The colony of rare African penguins has happy feet, shiny feathers, and a lot more pep now that the $2 million upgrade to their home has been completed at Adventure Aquarium in Camden.

To create a setting that better mimics the natural environment of the 40 penguins, the aquarium spent the last year renovating the outdoor exhibit, which opened in 1998. Workers tucked heating elements beneath new rock-like structures to warm the penguins' tiny feet and filled their 17,000-gallon pool with saltwater to improve their health and well-being.

The workers also created grottoes that offer shade and privacy.

A happy penguin is, after all, an entertaining penguin. And penguins enjoy wide appeal because of their endearing charm, cuteness, and funny antics.

Michele Pagel, the aquarium's curator of birds and mammals, said the penguins have noticed the changes, which were completed a few weeks ago when Penguin Island reopened.  "They're more active," she said as a few dove into the pool.

The hope is that their attractive new home will spark fresh interest in the African penguin, which is endangered in the wild. Without conservation efforts, Pagel said, the species could become extinct within 10 years. Fewer than 25,000 breeding pairs remain in the wild.

The penguins are native to South Africa, where their habitat is threatened by development and pollution, Pagel said. Adventure Aquarium holds public awareness events and raises funds to promote the penguin's survival in the wild, she said.

The playful creatures are also known as jackass penguins because their call is similar to the braying of a donkey.  On a warm afternoon this week, one puffed out his black-and-white throat and bellowed.

Unlike their more common cousins in the Anarctic, these penguins are accustomed to a temperate climate that can dip below freezing or rise to 100 degrees, much like that found in their urban home in Camden.  "People ask all the time if they're hot," said Pagel. "It's the number-one myth we hear each day."

Adventure Aquarium has joined with zoos and other aquariums across the country to increase penguin populations through selective breeding, or matchmaking, and to help with the species' survival. Pagel, who has cared for the penguins since the first few arrived at the aquarium two decades ago, said a new nesting area in an expanded room behind the exhibit is designed to encourage the penguins to mate and breed.

A month ago, two chicks were born there.

Deanna Sabec, the aquarium's public relations manager, said the fuzzy brown babies won't be introduced to the public until the middle of the summer.  They each weighed about two ounces at birth and are still being nurtured by nesting parents that generally mate for life.

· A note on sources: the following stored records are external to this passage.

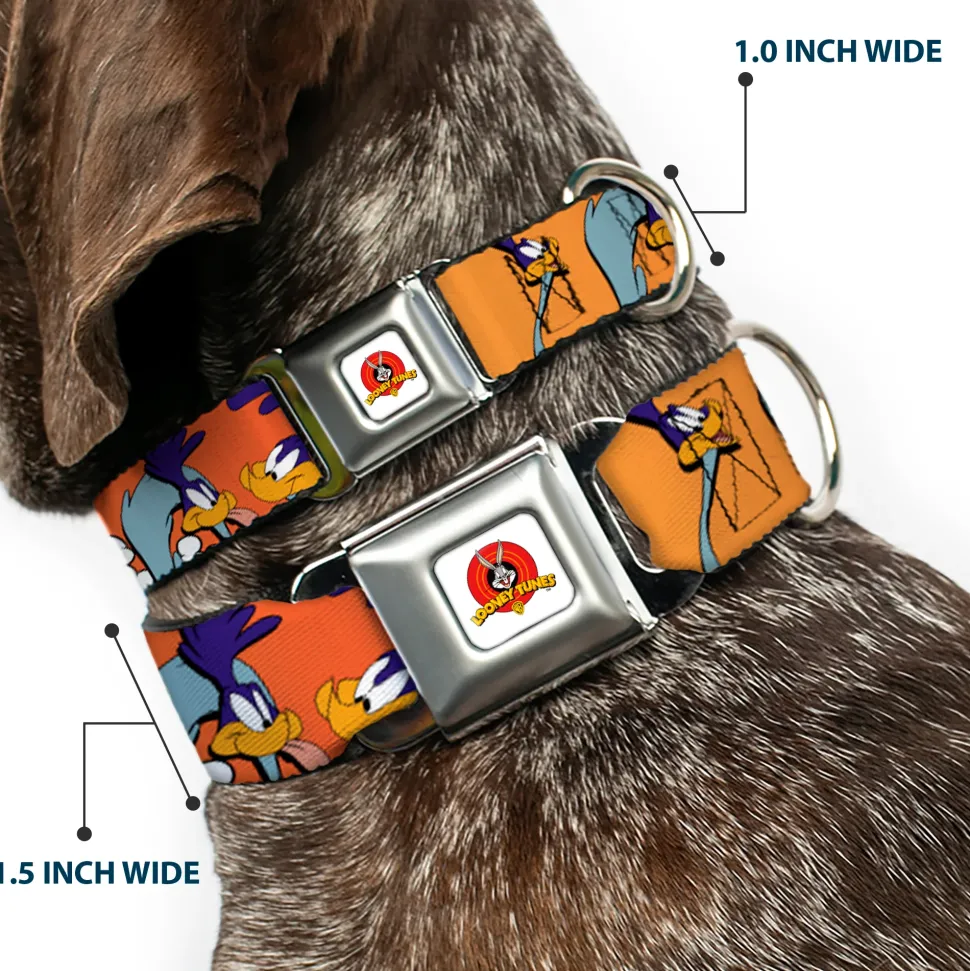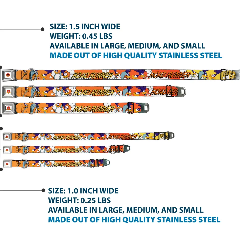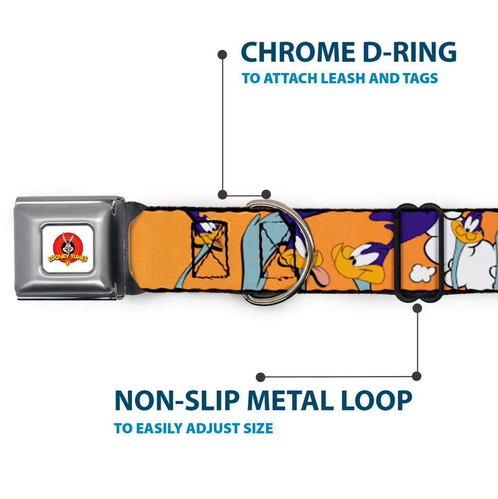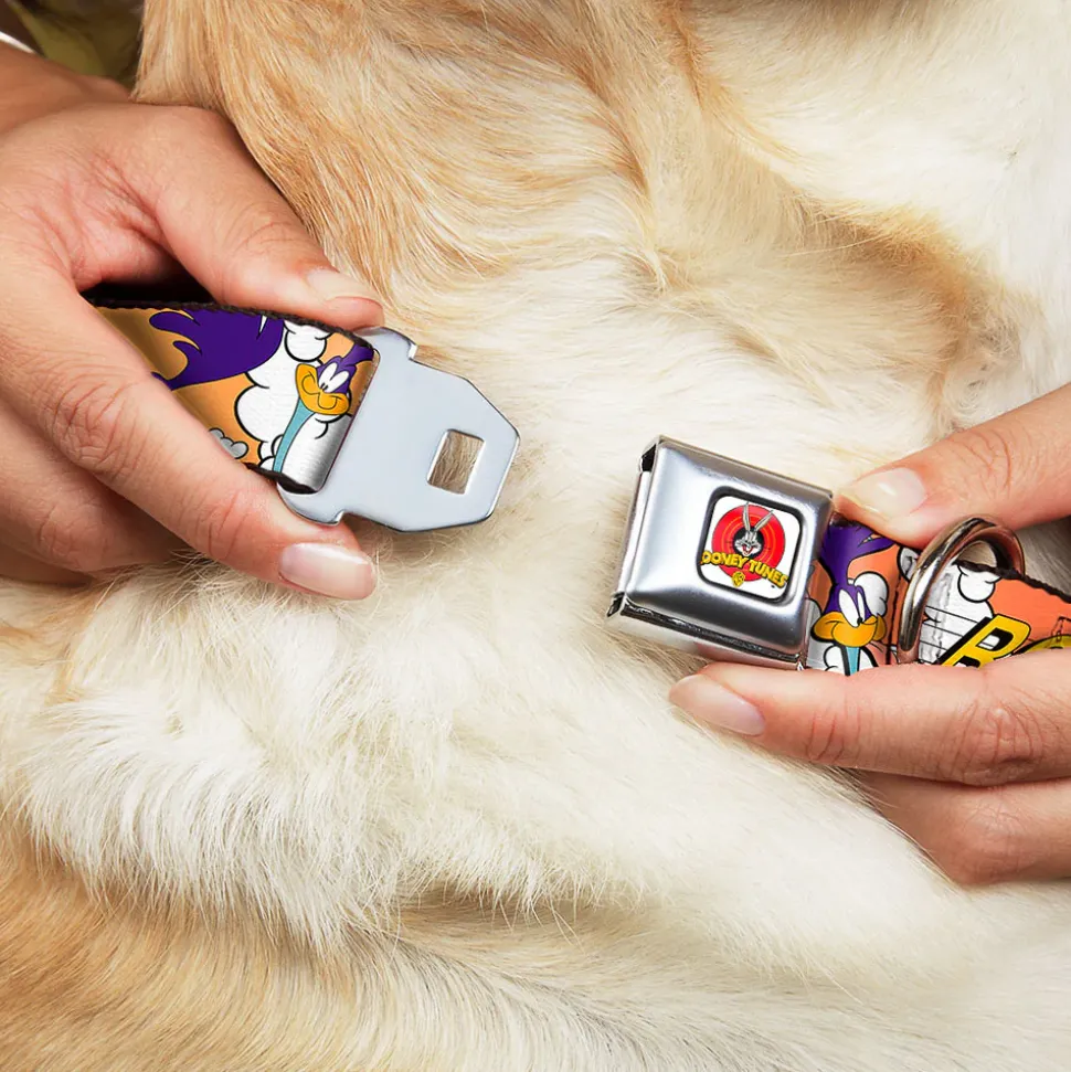 Looney Tunes Logo White Seatbelt Buckle Collar – ROAD RUNNER w/Road Runner Poses Orange
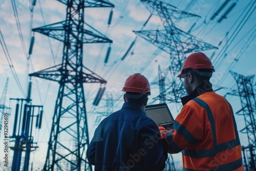 Two engineers using a laptop at a power station to plan electricity production at high voltage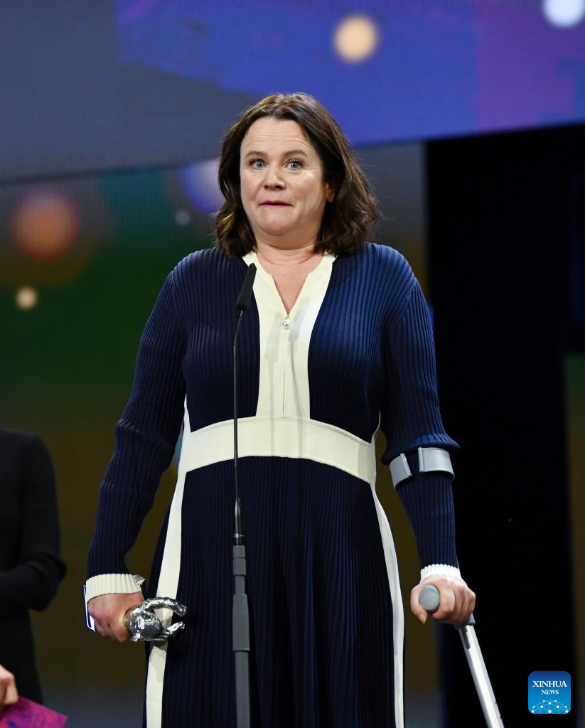 Emily Watson speaks after receiving the Silver Bear for Best Supporting Performance for "Small Things Like These" during the 74th Berlin International Film Festival in Berlin, Germany, Feb. 24, 2024. (Xinhua/Ren Pengfei)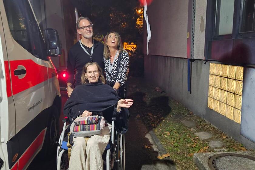 Da Sylvia im Rollstuhl sitzt, erhielten wir kurzfristig die Anfrage, ob wir sie mit unserem Sternstundenwagen begleiten können. Und natürlich haben wir das möglich gemacht. Unsere Ehrenamtlichen Bianca und Marvin haben sie den ganzen Abend lang begleitet.
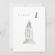 Cartões de número de casamento em chic, com pintura a cores da mesa de Nova Iorque, edifício Chrysler. O emparelhamento da aquarela pareada com a tipografia quic faz uma combinação maravilhosamente divertida.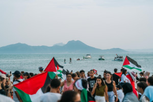 On Tuesday night, crowds of supporters gathered on the docks of the Sidi Bou Said port in Tunisia, singing, waving flags, and setting of flares and fireworks in support of the flotilla’s stated mission to provide humanitarian aid to Gaza.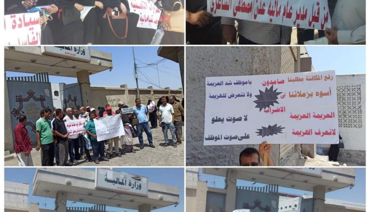نفّذ عدد من موظفي مكتب وزارة المالية بعدن، اليوم الاثنين، وقفة احتجاجية أمام مبنى الوزارة، رفضاً للمظالم والتهميش الذي يعانونه من قبل الوزارة ومدير مكتب المالية في المحافظة.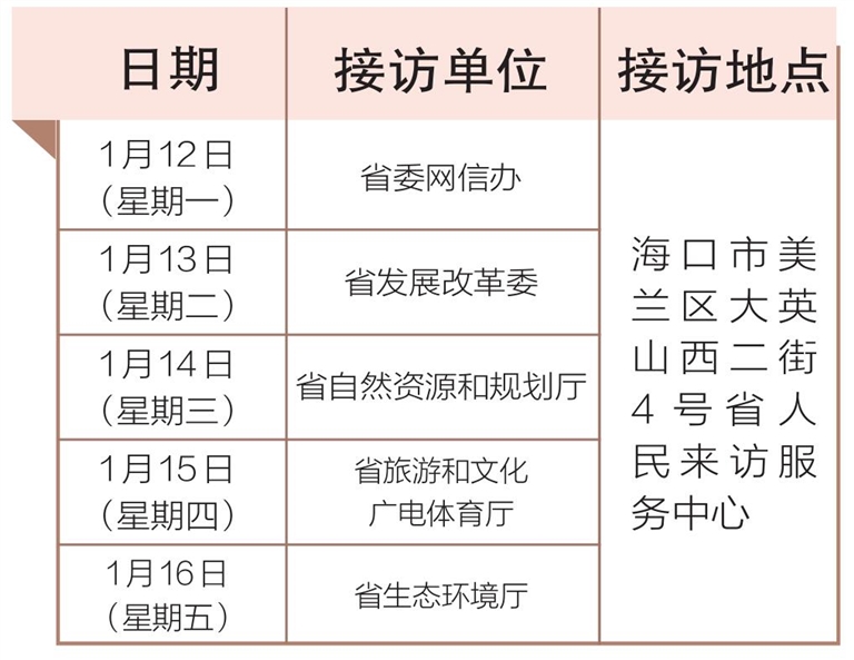 海南省信访工作联席会议成员单位领导1月12日至16日接访日程发布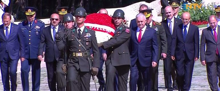 YAŞ heyeti daha sonra üzerinde “YAŞ üyeleri” yazan çelenkle Aslanlı Yol’dan yürüdü. Başbakan Yıldırım’ın, Atatürk’ün mozolesine çelenk bırakmasının ardından, saygı duruşunda bulunuldu. Yıldırım, saygı duruşunun ardından dua etti.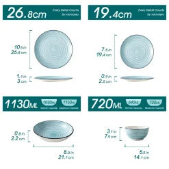 Vancasso Bella Steinzeug Kombiservice, 16 Teilig Geschirrset Für 4 Personen, Mit Je 4 Dessertteller, Speiseteller, Müslischalen, Kaffeebecher, Blau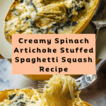This creamy spinach and artichoke stuffed spaghetti squash is a comforting and healthy twist on a classic dip. Roasted spaghetti squash halves are filled with a rich mixture of cheeses, spinach, and artichokes, then baked until bubbly and golden. It’s a delicious, low-carb meal perfect for any night of the week.

Before that, four chicks arrived in December. The males are named Nick and Carson, in honor of Eagles quarterbacks Nick Foles and Carson Wentz.  Their females are named Taco and Shelley.

The sleek steel-gray feathers of the four juveniles made them stand out among the pack of black-and-white penguins that stood and stared motionless during a lull in the action one day this week. The appearance of a bird, and then a dragonfly, caused them to jerk their heads in unison and follow the flight path in the sky until the winged creatures disappeared from view.

Sienna Repka, 5, of Warminster, waited patiently for a little more action.

"I like when the penguin is slipping," she said, then demonstrated by dropping onto her belly and wiggling — and giggling.

Gray Mason, also 5, of Folsom, liked watching them eat tiny fish.

The hippos, the sharks, and the little blue penguins at the aquarium also draw crowds, but the African penguins still rule, Pagel said.  "They're feisty," she said.

Now, with rocking chairs conveniently placed next to the 20-foot underwater viewing window, and a shade canopy above, even more visitors are flocking to Penguin Island.

"We love them," said Nicole Henry of Cherry Hill, who visited this week with her children, Khloe, 4, and Delaney, 2.  "This is our favorite thing."